Elodie Briefer grew up in the countryside near Geneva — and horses have long been a part of her world.
"I was riding horses when I was young," she recalls. "I can't remember at which age I started, but maybe 6 or 7 years old. I did few competitions, but I was never a big fan of that. I would prefer to go for a walk with the horse and enjoy."
All this time with horses means that Briefer, now an animal behavioral scientist at the University of Copenhagen, has heard a lot of whinnying over the years. She never noticed anything out of the ordinary until a little more than a decade ago when she was working on a project that involved comparing how different animals, including horses, express themselves vocally.
"The first time I really listened to a horse whinny that I had recorded," she says, "I was confused because I thought there were two horses — as if there [were] two voices at the same time."

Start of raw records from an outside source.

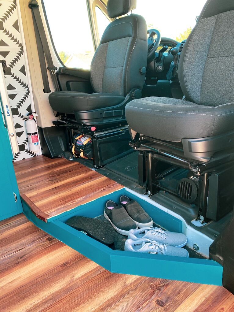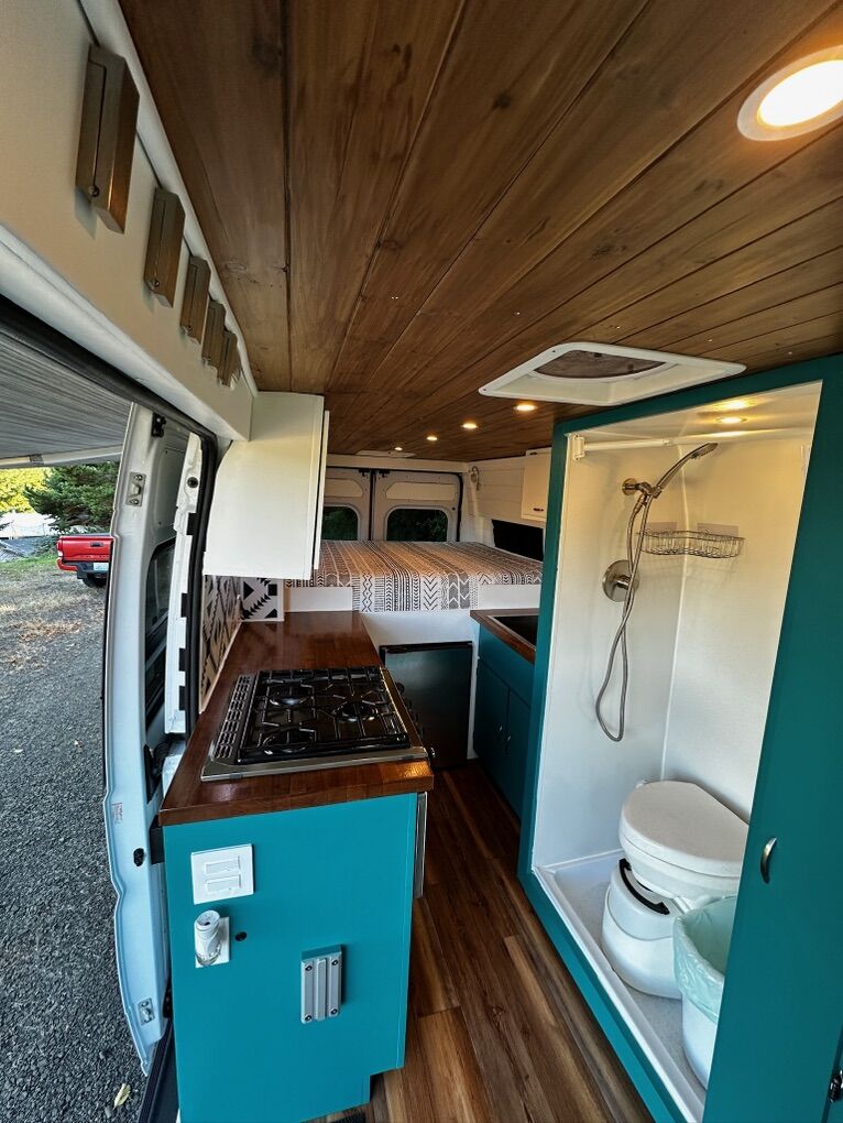 Fixed queen bed (70″ wide) with garage storage underneath 24×32″ shower with fold-out curtain for additional space Nature’s Head composting toilet, deep cleaned and new pee jug Both front seats swivel Lagun table mount Cedar plank ceiling Full-height pantry with mirror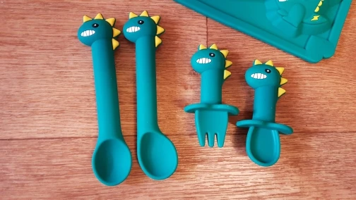 O kit talher de silicone com limitador foi projetado ergonomicamente para uso por bebês com mais de 6 meses. Seu design foi pensado especialmente para as mãozinhas pequenas, auxiliando o bebê a pegar os alimentos com facilidade. O limitador tem a função de impedir que a criança introduza profundamente o talher na boca.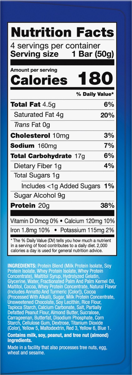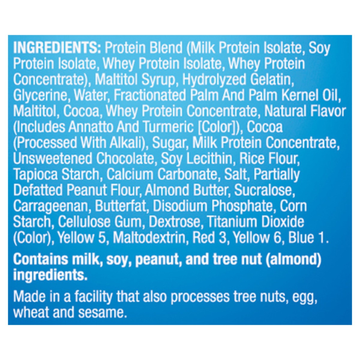 Protein Blend (Milk Protein Isolate, Soy Protein Isolate, Whey Protein Isolate, Whey Protein Concentrate), Maltitol Syrup, Hydrolyzed Gelatin, Glycerine, Water, Fractionated Palm and Palm Kernel Oil, …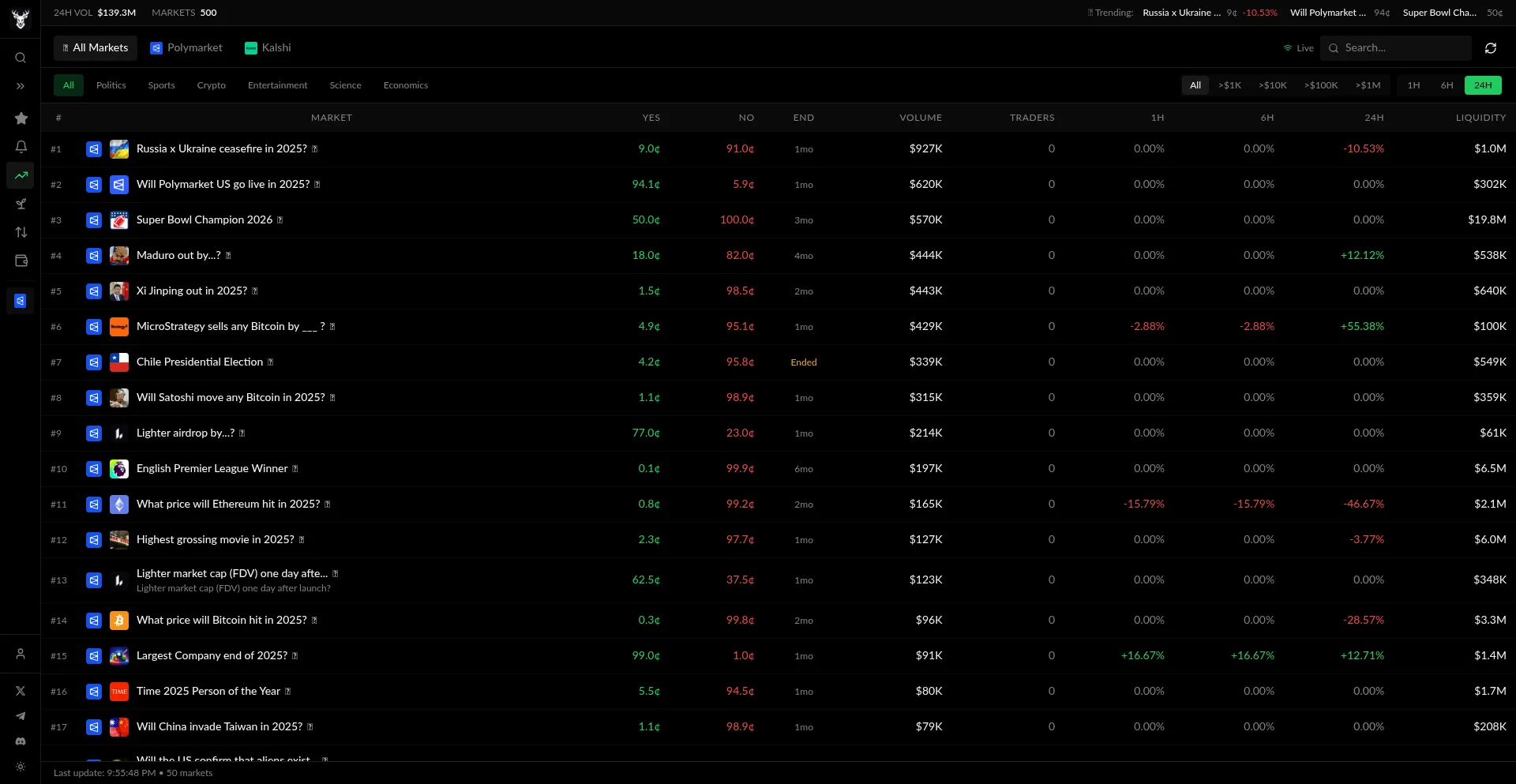 Track and analyze prediction markets from Polymarket, Kalshi, PredictIt, and more. Real-time odds, volume, and market data across all major platforms.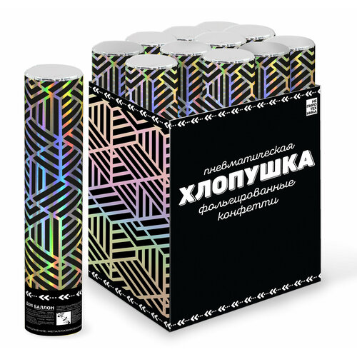 Пневмохлопушка (12/30 см), Геометрия, Прямоугольники фольга, Золото/Серебро, 1 шт.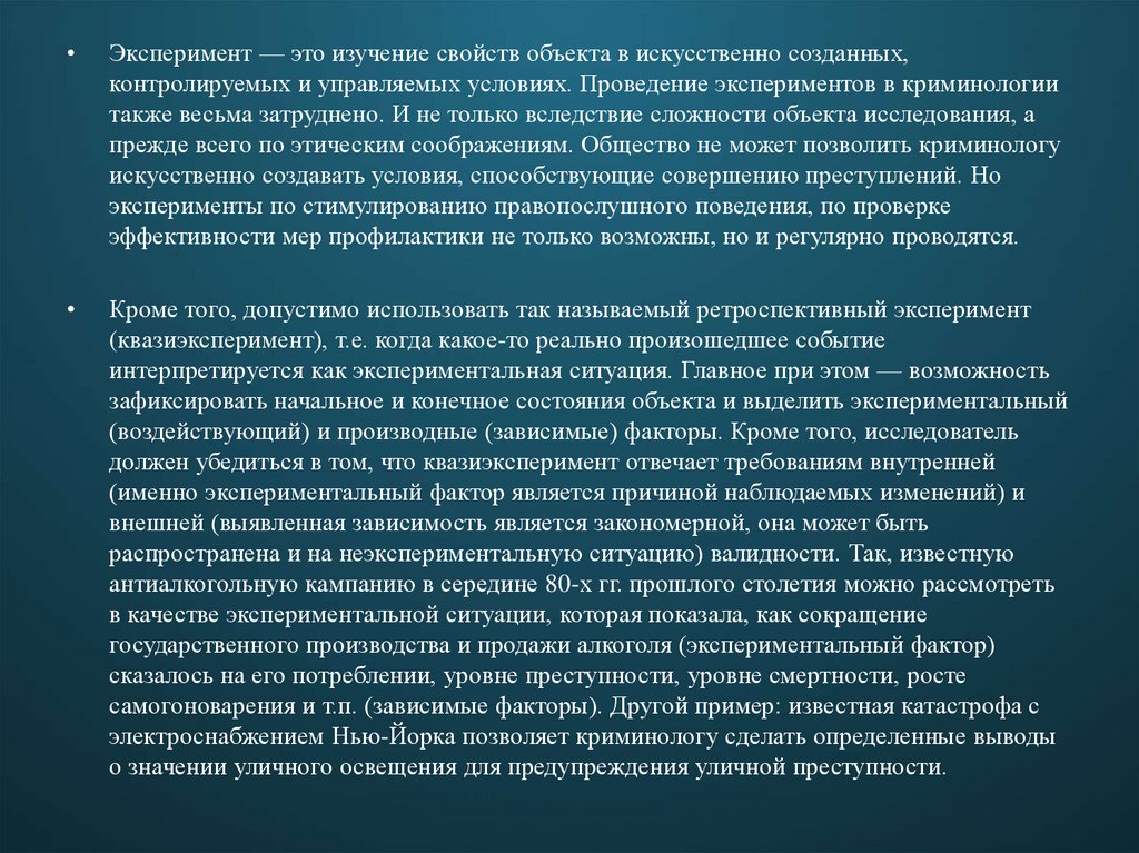 контролируемых и управляемых условиях. Проведение экспериментов в криминологии

Briefer created a visual representation of the sound file, called a spectrogram, to inspect the whinny more closely. And that's when she saw two frequencies occurring at the same time: one high and one low.
In a paper appearing in the journal Current Biology, Briefer and her colleagues present a set of experiments that reveal how horses manage to create these two tones simultaneously. It's a complex feat that seems to be made possible by the anatomy of their vocal tract.
A puzzle worth solving
Briefer was perplexed by what she observed in the whinny for a couple of reasons.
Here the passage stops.